### Supplied entries
........

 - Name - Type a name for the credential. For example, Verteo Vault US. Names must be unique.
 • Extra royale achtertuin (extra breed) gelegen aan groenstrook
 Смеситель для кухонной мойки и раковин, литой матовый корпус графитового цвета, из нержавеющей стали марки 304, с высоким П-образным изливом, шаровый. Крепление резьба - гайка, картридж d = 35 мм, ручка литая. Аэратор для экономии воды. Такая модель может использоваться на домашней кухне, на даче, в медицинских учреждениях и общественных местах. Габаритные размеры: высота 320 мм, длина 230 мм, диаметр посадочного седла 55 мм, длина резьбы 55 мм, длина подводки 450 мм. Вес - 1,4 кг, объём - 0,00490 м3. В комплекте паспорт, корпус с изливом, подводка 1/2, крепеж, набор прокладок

........

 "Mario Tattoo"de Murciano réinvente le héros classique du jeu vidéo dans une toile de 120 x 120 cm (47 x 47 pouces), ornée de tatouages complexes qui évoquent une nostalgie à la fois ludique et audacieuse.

........

Take the lines above from the one containing "- Name - Type" to the one containing "gelegen aan groenstrook" and retype them exactly, both ends included, with nothing added.

 - Name - Type a name for the credential. For example, Verteo Vault US. Names must be unique.
 • Extra royale achtertuin (extra breed) gelegen aan groenstrook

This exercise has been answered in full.